On Monday Sen. Commerce Comittee Chair Ted Stevens told reporters at a press conference that he’s considering charging the FCC with protecting network neutrality. He was speaking at an event sponsored by CompTel, which represents the smaller telecom companies that compete with the big Bells like Verizon and AT&T. For it’s part, CompTel supports legislating network neutrality provisions, since it inherently distrusts the big telcos.

Last Friday FCC Chair Kevin Martin seemed less sanguine about taking on the responsibility for drafting net neutrality rules. But at a telecom industry conference on Tuesday, Martin said that he thinks the FCC already has the authority to address complaints regarding network neutrality.
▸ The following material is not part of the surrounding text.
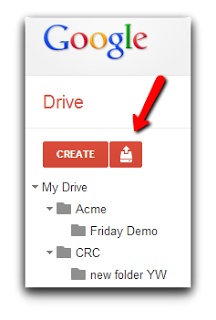 The other option when uploading files in to Google Drive is the Upload Button.  This can’t miss red button is located next to the ‘Create’ button on the Google Drive home page.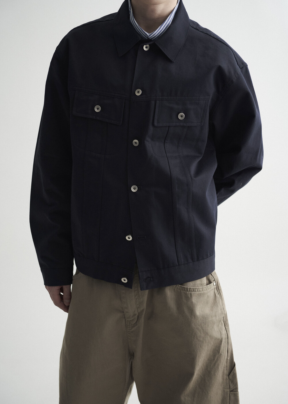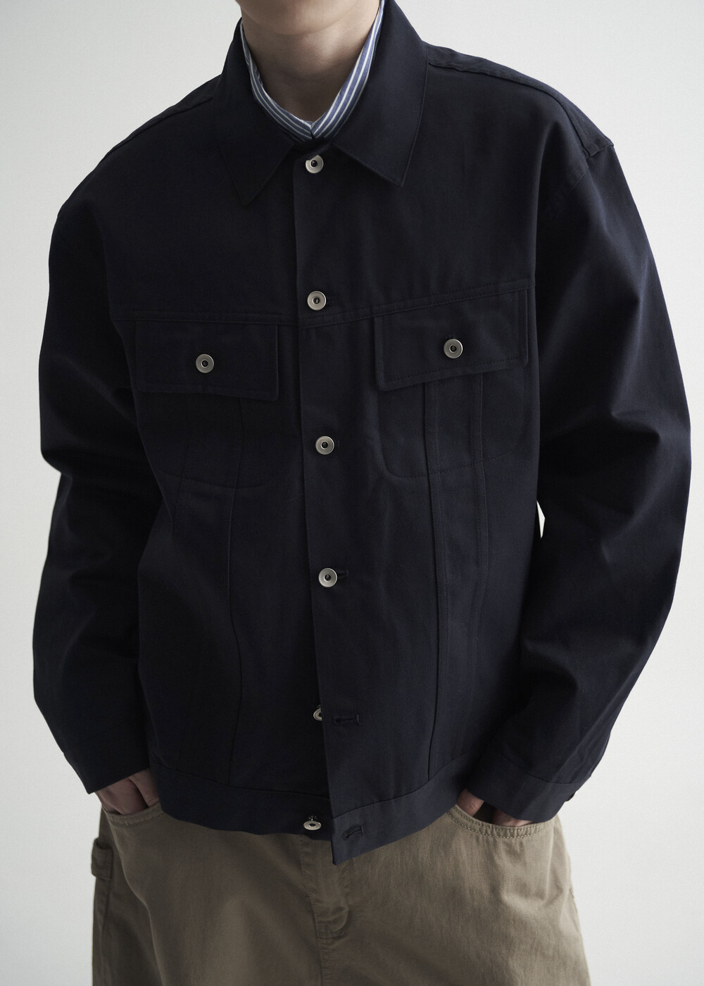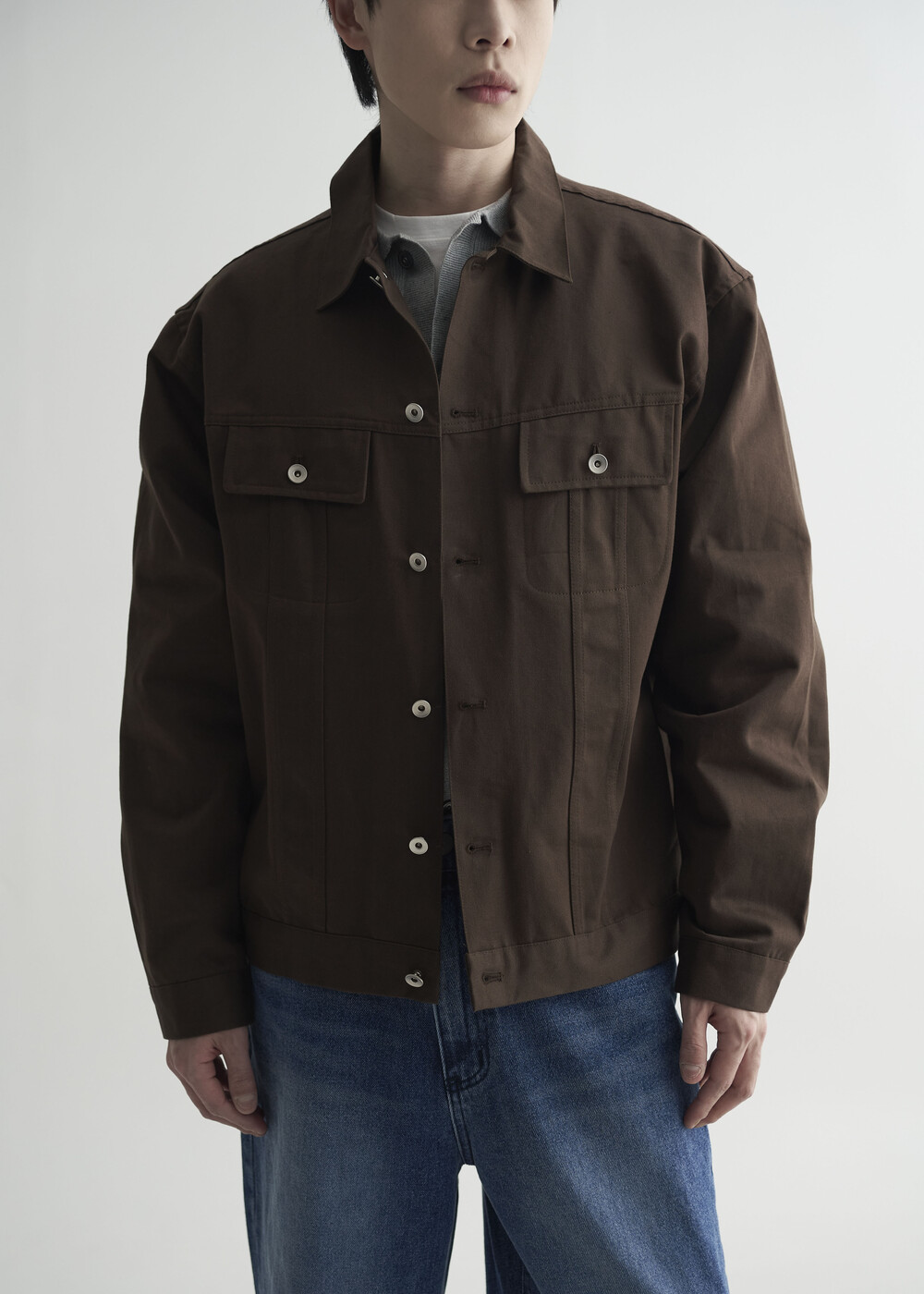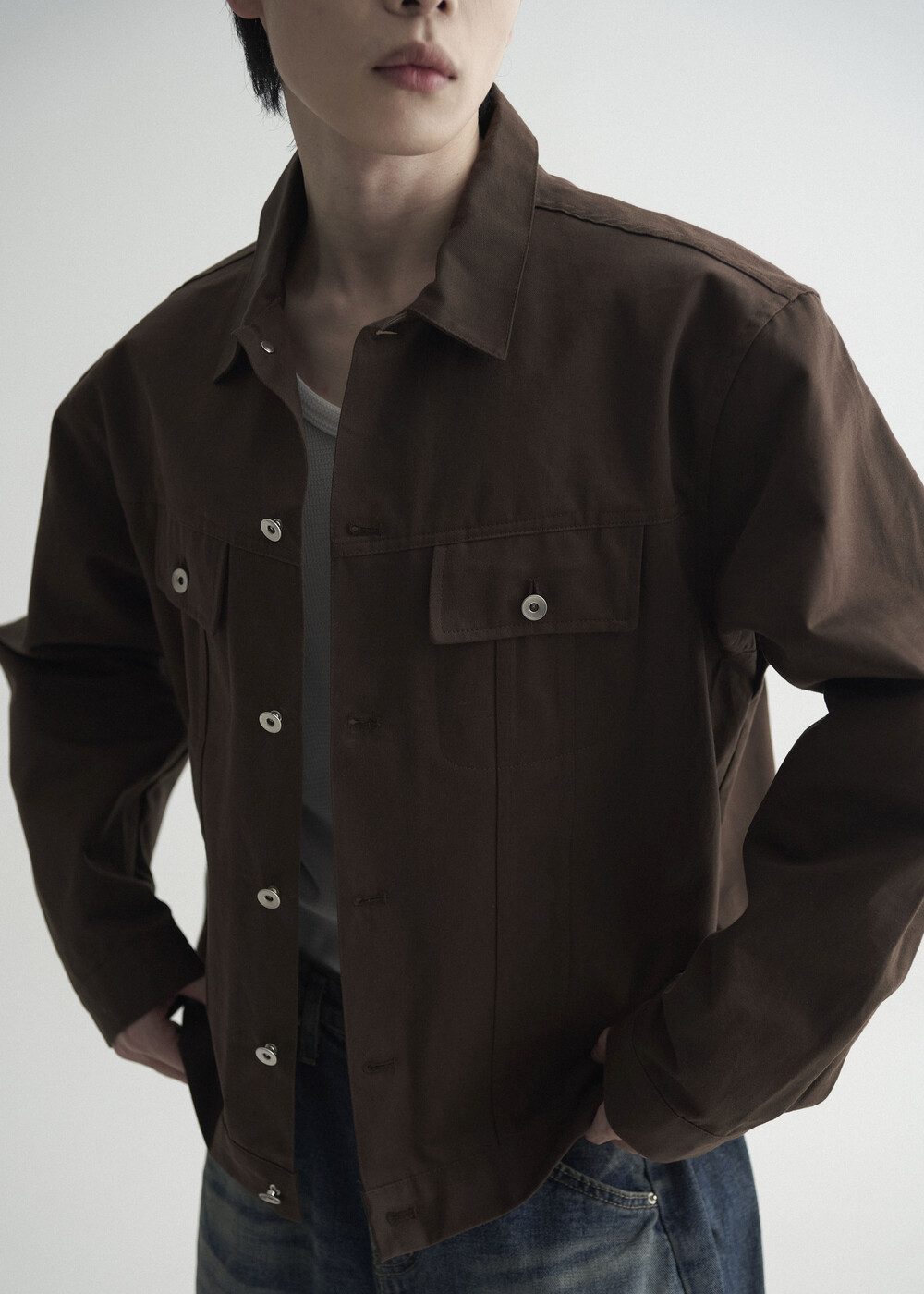 - 탄탄한 조직감의 세미 오버 실루엣을 띄는 코튼 트러커 자켓 제품

However Martin also expressed support for “tiering” broadband packages, allowing providers to charge more for richer content. Yet it doesn’t seem clear to me whether Martin is just supporting the idea that a consumer would pay more to get a 10 megabit connection than for a 2 megabit connection, or if he actually supports the ability of AT&T to charge content providers in order to reach households via their internet connections. He might even support the ability for an ISP to charge consumers a higher price to receive internet content from providers that haven’t struck a deal with that ISP. It’s simply not clear.

There’s a crucial difference between these interpretations of “tiering” and because this word is being thrown around so much it’s often difficult to know who’s supporting what.

At that same industry conference, AT&T CEO Ed Whitacre made a bit of a turnaround on the network neutrality issue. The guy who previously said that the likes of Google or Vonage were “nuts” to think they could provide their service “for free” over the broadband lines it provides to consumers, now says that any provider who blocks access to the Internet is inviting customers to find another provider.”

Of course, Whitacre’s AT&T is under the microscope now that it wants to buy BellSouth, and so his willingness to back off shouldn’t be surprising. It also shouldn’t be trusted, since his company’s made lots of promises in the last 10 years it hasn’t kept (I’ve been working on that particular dossier for a couple of weeks and will post it shortly).

What I get out of all of this is that Stevens would love for Congress to do something about network neutrality without actually doing anything about it. What better way to accomplish this but to assign it to the FCC, giving the commission some vague guidelines to follow? That way Stevens gets the consumers groups and Google off his back, and doesn’t piss off his telecom patrons too much.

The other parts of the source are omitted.